Batch Evaluation on a Test Set

Python
import json
from bert_score import BERTScorer

# Initialize scorer once (avoid reloading model for each batch)
scorer = BERTScorer(
    model_type="microsoft/deberta-xlarge-mnli",
    lang="en",
    rescale_with_baseline=True,  # Rescales to [0, 1] for easier interpretation
    device="cuda",
)

def evaluate_with_bertscore(
    generated_outputs: list[str],
    reference_outputs: list[str],
    batch_size: int = 32,
) -> dict:
    """Evaluate a set of generated texts against references."""
    all_p, all_r, all_f1 = [], [], []

    for i in range(0, len(generated_outputs), batch_size):
        batch_cands = generated_outputs[i:i+batch_size]
        batch_refs = reference_outputs[i:i+batch_size]

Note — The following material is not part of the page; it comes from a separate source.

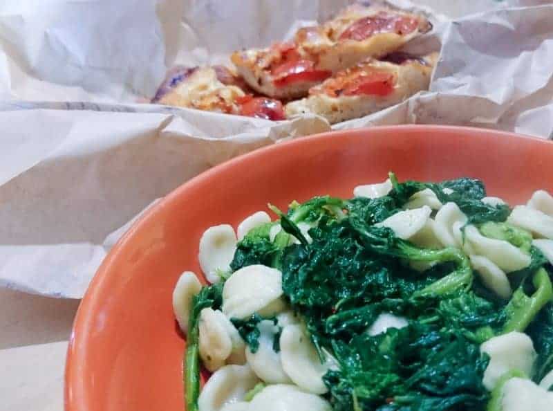 Many of its typical dishes are also vegan friendly like: fave e cicorie (fava bean pure and chicory), Calzone di Cipolla (onion filled calzone, though some bakeries may put cheese in it, it's always best to ask first), sgagliozze (fried polenta), popizze or pettole (deep fried pizza dough), lampascioni alla barese (a perennial bulbous plant that resembles an onion with a very bitter taste. It's typically boiled and served with olive oil, salt and pepper. They are also amazing battered and deep fried.), pasta e cavoli (pasta with cabbage) and Orecchiette con Cime di Rapa (pasta with turnip greens - which is typically dressed with olive oil, garlic and anchovies, but can easily be veganized by omitting the fish and/or use capers instead).

        p, r, f1 = scorer.score(batch_cands, batch_refs)
        all_p.extend(p.tolist())
        all_r.extend(r.tolist())
        all_f1.extend(f1.tolist())

    return {
        "mean_precision": sum(all_p) / len(all_p),
        "mean_recall": sum(all_r) / len(all_r),
        "mean_f1": sum(all_f1) / len(all_f1),
        "min_f1": min(all_f1),
        "max_f1": max(all_f1),
        "n_examples": len(all_f1),
    }

# Example usage
generated = ["Metformin activates AMPK, reducing hepatic glucose output."]
references = ["Metformin inhibits gluconeogenesis by activating AMP-activated protein kinase."]

results = evaluate_with_bertscore(generated, references)
print(json.dumps(results, indent=2))

BERTScore vs BLEU vs ROUGE

| Metric | Matching | Semantic | Handles Paraphrase | Correlates with Human | |---|---|---|---|---| | BLEU | n-gram overlap | No | No | Low | | ROUGE | n-gram recall | No | No | Low-Medium | | BERTScore | Contextual embedding | Yes | Yes | High | | LLM-as-judge | Holistic | Yes | Yes | Highest |

BERTScore correlates much better with human judgments than BLEU or ROUGE. For text generation evaluation, it's the strongest automatic metric that doesn't require an LLM call.


Model Selection for BERTScore

The scoring model matters. Better models → more accurate semantic matching:

| Model | Speed | Quality | Recommended for | |---|---|---|---| | bert-base-uncased | Fast | Low | Development testing | | roberta-large | Medium | Good | General use | | microsoft/deberta-xlarge-mnli | Slow | Excellent | Production evaluation |

For pharmaceutical/medical content, consider using a domain-specific model if one is available for your language.


Interpreting BERTScore Values

With rescale_with_baseline=True, scores are rescaled to be more interpretable:

  • F1 around 0.90+: Very strong semantic match
  • F1 around 0.80–0.90: Good match with some differences
  • F1 around 0.70–0.80: Related content, notable differences
  • F1 below 0.70: Significant divergence in content

Without rescaling, raw BERTScore F1 values tend to cluster around 0.85–0.95 even for poor matches because the embedding space is dense. Always use rescale_with_baseline=True for interpretable values.


When BERTScore Falls Short

BERTScore is strong but has limitations:

  • Doesn't evaluate factual accuracy: "Ibuprofen is an anticoagulant" would score high against "Warfarin is an anticoagulant" — same type of claim, wrong drug
  • Doesn't catch hallucinations: If the reference doesn't mention a fact, a hallucinated fact in the candidate can't be detected
  • Reference quality dependent: If your reference answers are poor, BERTScore rewards candidates that match poor references

For applications where factual accuracy is critical (medical, legal), combine BERTScore with LLM-as-judge evaluation that explicitly checks for factual errors.